I have some blown over cedars from when I bought my property 3 years ago. I cut some a few months back and was surprised how fragrant the wood was. I put some in the back of my ATV and left it in the garage over night.

Sure made my garage smell prudy. ;-P 

Shipper


----------



## bsruther (Feb 25, 2009)

There's a lot of eastern redcedar around here. I think it's our only native evergreen. Some people consider them pests, but I like them. It makes great kindling, but most people don't like to burn it as split wood. I like to use it for a startup fire, it gets the stove hot pretty fast. We have a redcedar in the yard that's 40-50 ft. tall with a 14" trunk and that's pretty big for a redcedar. The ice storm did a number on it, but it seems to have bounced back.
The only thing I don't like about the cedars, are the prickly needles. It's a pita to walk through a tight grove of them.


----------



## firefighterjake (Feb 25, 2009)

Very pretty wood. Do folks ever use the wood to make items out of it? I realize the cedar might be a bit soft for flooring, but what about other wood products?


----------



## karri0n (Feb 25, 2009)

I've done woodwork with it.


----------



## ChipTam (Feb 25, 2009)

I realize from all the posts that we're talking about red cedar.  However, there are a couple of purple woods out there.  Purpleheart is a tropical hardwood used especially for accent or small bits of trim in fancy woodworking.  Also, there is a purple-stained construction lumber which I believe is fire-retardent.

ChipTam


----------



## jpl1nh (Feb 26, 2009)

When I was growing up, my grandparents lived in an old, old, house in upstate NY, like 1700's old.  It had a room they called the cedar room which was paneled in cedar.  Its a beautiful wood finnished, smells great and sure repels moths.


----------



## wendell (Feb 26, 2009)

jpl1nh said:
			
		

> When I was growing up, my grandparents lived in an old, old, house in upstate NY, like 1700's old.  It had a room they called the cedar room which was paneled in cedar.  Its a beautiful wood finnished, smells great and sure repels moths.

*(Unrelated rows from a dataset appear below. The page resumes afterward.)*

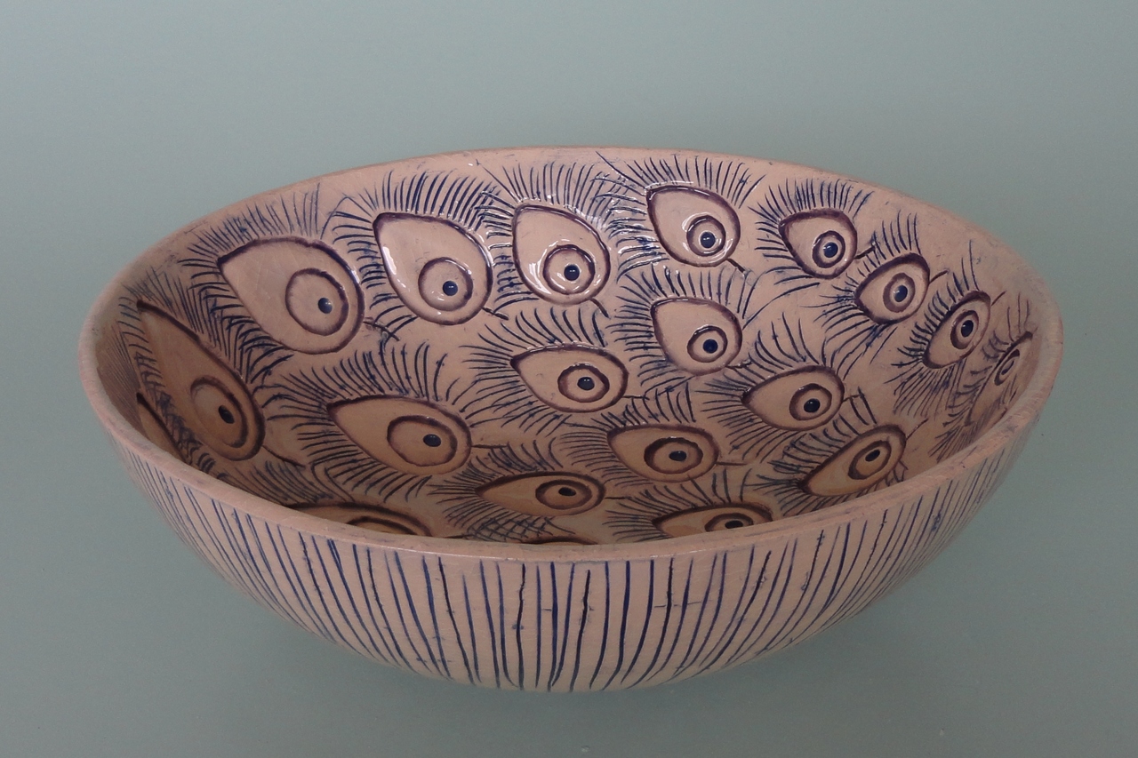 ronde schaal met pauwmotieven in relief
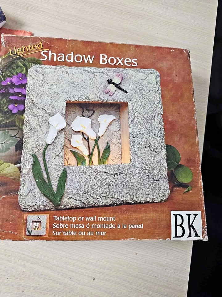 70Lighted Shadow Box Calla Lily and Dragonfly. Free standing or Wall Hanging 3D. Let me know if you're interested!
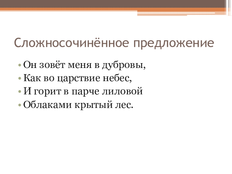 Сложносочинённое предложениеОн зовёт меня в дубровы,Как во царствие небес,И горит в парче лиловойОблаками крытый лес.
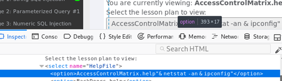 在acesscontrolmartix.help这一栏右键选择插入审查元素,后面添加命令语句“&netstat -按& ipconfig”,点击view运行。
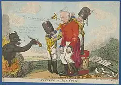 A cartoon showing Whitelocke's demotion after the court martial. Two child drummers strip him of his military garb and break his sword as a devil offers him a weapon to commit suicide.Ben Hughes, The British Invasion of the River Plate 1806-1807: How the Redcoats Were Humbled and a Nation Was Born (2014).

My stove room is paneled in cedar and it is pretty good looking.


----------



## bsruther (Feb 26, 2009)

Another nice thing about eastern redcedar is how it resists rotting. A friend of mine gave me an 8" thick log this past summer that he found in his woods and he said his uncle had cut it down over 30 years ago. I cut it up and it was still purple inside and still had that same sweet aroma.
I love the smell of redcedar when it burns, it's like incense.


----------